TASK TO CARRY OUT:
Write out the listing from the line with "Elevate recognition to" to the line with "Tram driver Kirill", both lines included, exactly and nothing beyond. Leave pictures out.

SUPPLIED INFORMATION:
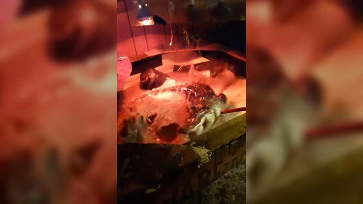 En medio del pánico, alguien le dijo que el impresionante reptil, de más de dos metros de largo y unos 90 kilogramos de peso, vivía "tranquilamente" con el habitante del lugar, que además tenía entre sus "mascotas" dos serpientes pitones reales y un tierno conejo.
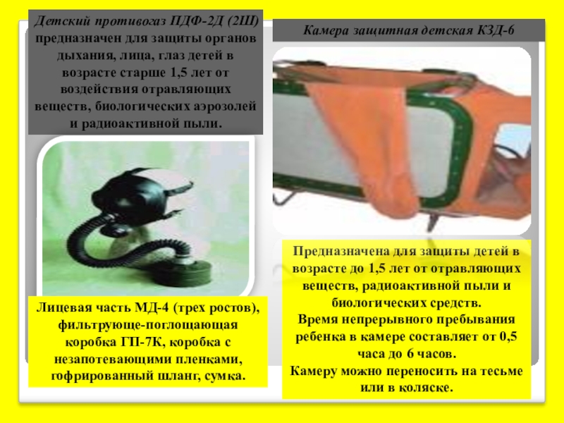Предназначен для защиты органов дыхания и кожи детей в возрасте до 1,5 лет от ОВ, РП, АХОВ, радионуклидов йода и его органических соединений .
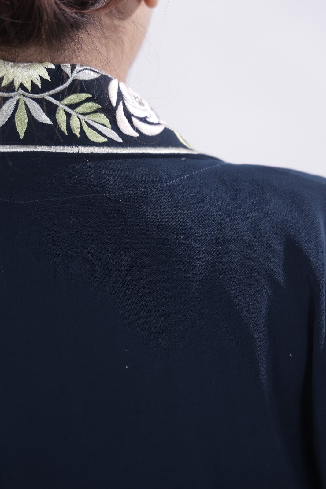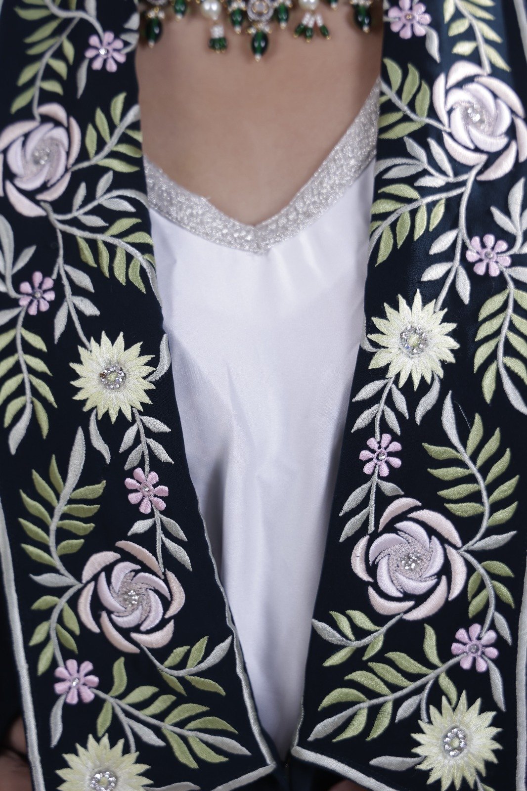 Inspired by royal evening gardens and timeless femininity, this emerald abaya features a fluid straight cut with graceful Intricate floral embroidered on lapel adds depth and artistry, creating a look that is both majestic and effortlessly refined.
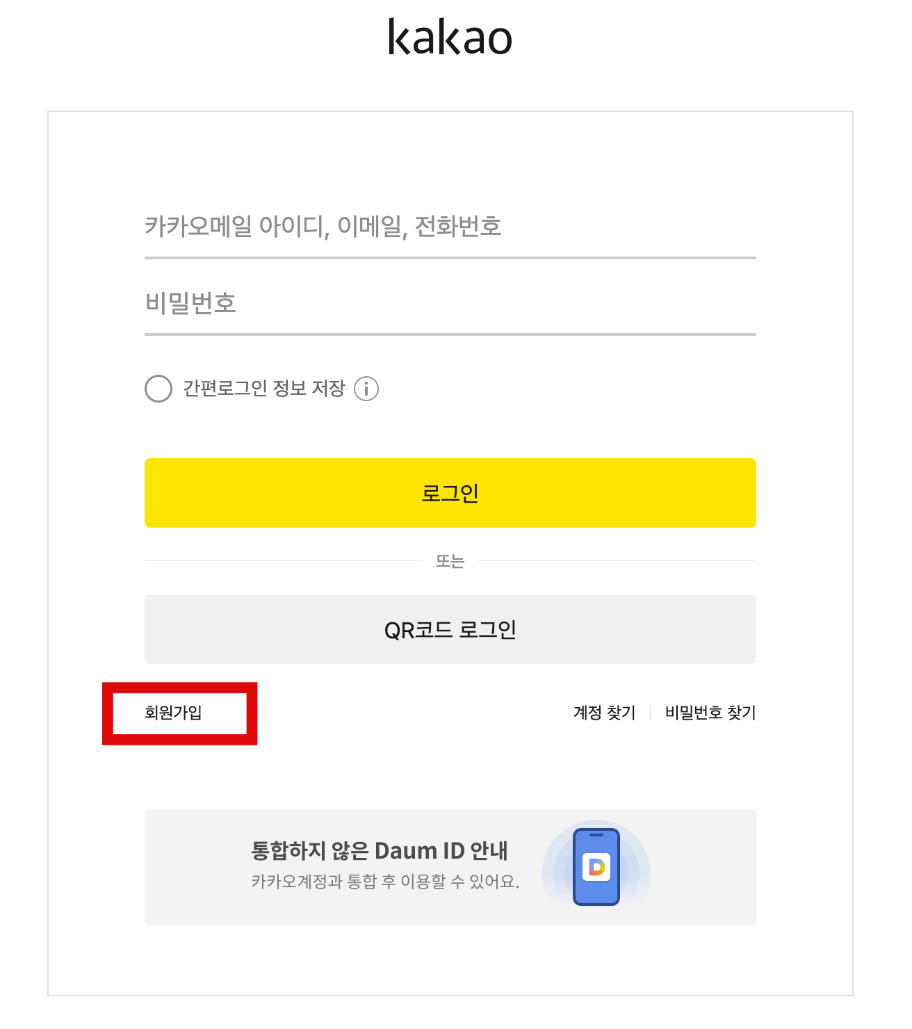 Daum 메인 페이지에서 상단 메뉴의 로그인 버튼을 클릭한 뒤,
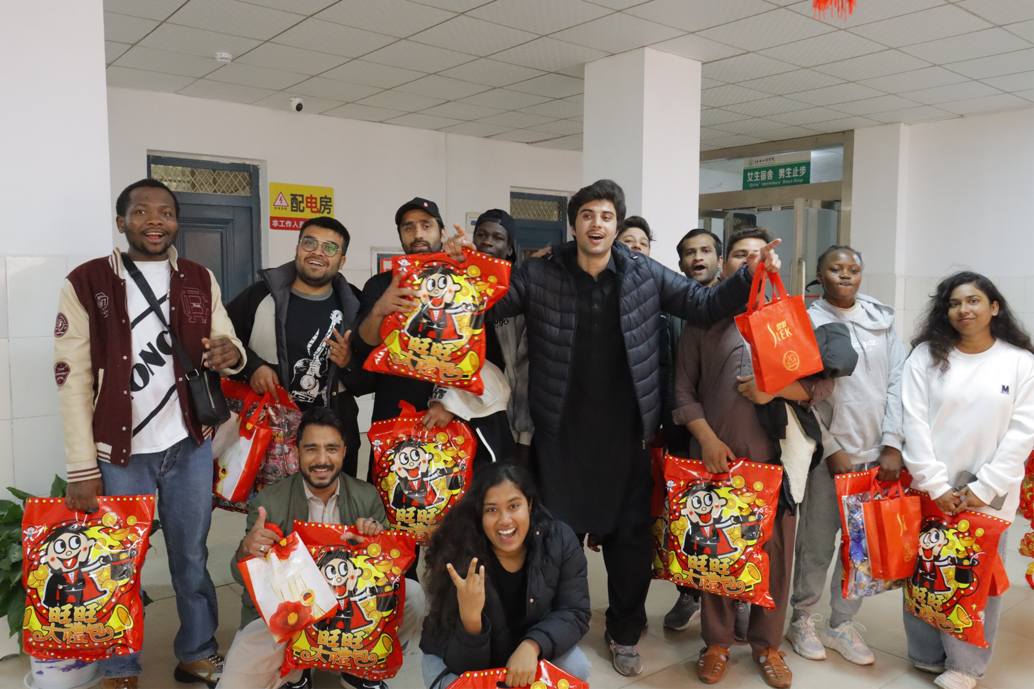 在温馨的发言之后,会议进入了一个特别的环节——过年礼包发放仪式。十位学生代表上台领取了精美的过年礼包,这些礼包包括了寓意吉祥的春节装饰品、中国传统美食以及生活用品等,体现了学校对留学生们的深切关怀。同时,学校还安排了老师将剩余的礼包在留学生宿舍进行发放,确保每位留学生都能感受到节日的喜悦。
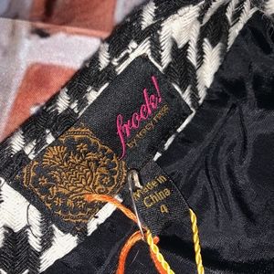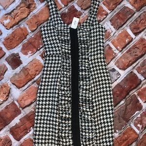 NWT Frock by Tracy Reese Claire Dress Classic Chic little number! Sleeveless Tweed houndstooth in black & cream. Underarm Zipper for closure, front has hook &n eye down the front in a back trim-these are for looks they do not open the dress. Belt loops but no belt. Made of a polyester blend with Dry Clean Instructions.
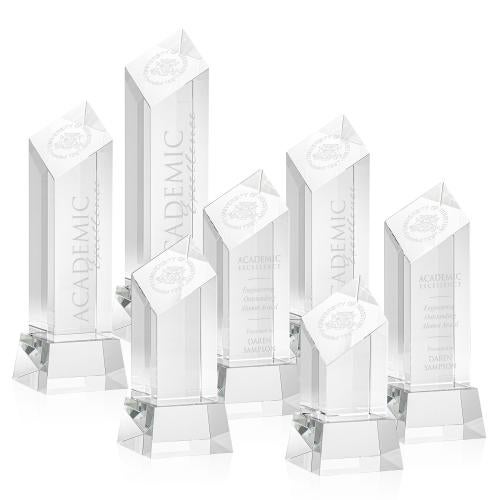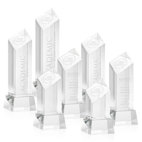 Elevate recognition to an art form with the Knight on Base Clear Towers Crystal Trophy, a testament to achievement and excellence. This majestic award is crafted from the finest optical crystal, featuring a stunning diamond tower design that rises elegantly from its optical crystal base. The slanted top adds a dynamic touch to the tower's pristine clarity, offering exceptional space for personalization. Custom etch your message of accolade or logo with precision, with an optional second position etch for extra detail. Perfect for corporate awards, academic honors, and prestigious events, this crystal trophy embodies the pinnacle of appreciation, ready to honor those who stand tall in their achievements.
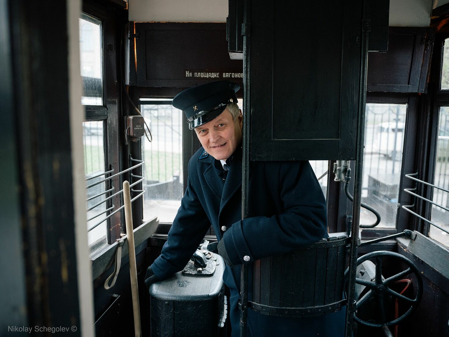 Tram driver Kirill Nykvist in an old tram (2025)
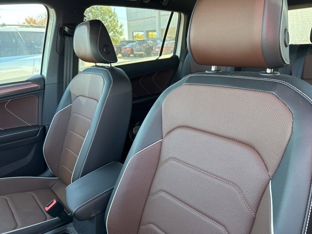 This vehicle comes equipped with: AWD, 3.33 Axle Ratio, 4-Wheel Disc Brakes, 4-Wheel Independent Suspension, 8 Speakers, ABS brakes, Air Conditioning, Alloy wheels, AM/FM radio: SiriusXM with 360L, Auto High-beam Headlights, Auto-dimming Rear-View mirror, Automatic temperature control, Brake assist, Bumpers: body-color, Compass, Delay-off headlights, Driver door bin, Driver vanity mirror, Dual front impact airbags, Dual front side impact airbags, Electronic Stability Control, Emergency communication system: Car-Net, Four wheel independent suspension, Front anti-roll bar, Front Bucket Seats, Front Center Armrest, Front dual zone A/C, Front fog lights, Front reading lights, Fully automatic headlights, Heated door mirrors, Heated front seats, Heated steering wheel, Heated/Ventilated Front Comfort Sport Seats, Illuminated entry, Leather Shift Knob, Leather steering wheel, Low tire pressure warning, Memory seat, Navigation system: VW Car-Net Guide & Inform, Occupant sensing airbag, Outside temperature display, Overhead airbag, Overhead console, Panic alarm, Passenger door bin, Passenger vanity mirror, Perforated Vienna Leather Seating Surfaces, Power door mirrors, Power driver seat, Power Liftgate, Power moonroof, Power passenger seat, Power steering, Power windows, Radio data system, Radio: MIB3 Discover Media AM/FM/HD, Rain sensing wipers, Rear anti-roll bar, Rear reading lights, Rear seat center armrest, Rear window defroster, Rear window wiper, Remote keyless entry, Roof rack: rails only, Security system, Speed control, Speed-sensing steering, Split folding rear seat, Spoiler, Sport steering wheel, Steering wheel mounted audio controls, Tachometer, Telescoping steering wheel, Tilt steering wheel, Traction control, Trip computer, Turn signal indicator mirrors, Variably intermittent wipers, Ventilated front seats, and Wheels: 20 Machined Black Alloy.

TASK RESPONSE:
 Elevate recognition to an art form with the Knight on Base Clear Towers Crystal Trophy, a testament to achievement and excellence. This majestic award is crafted from the finest optical crystal, featuring a stunning diamond tower design that rises elegantly from its optical crystal base. The slanted top adds a dynamic touch to the tower's pristine clarity, offering exceptional space for personalization. Custom etch your message of accolade or logo with precision, with an optional second position etch for extra detail. Perfect for corporate awards, academic honors, and prestigious events, this crystal trophy embodies the pinnacle of appreciation, ready to honor those who stand tall in their achievements.
 Tram driver Kirill Nykvist in an old tram (2025)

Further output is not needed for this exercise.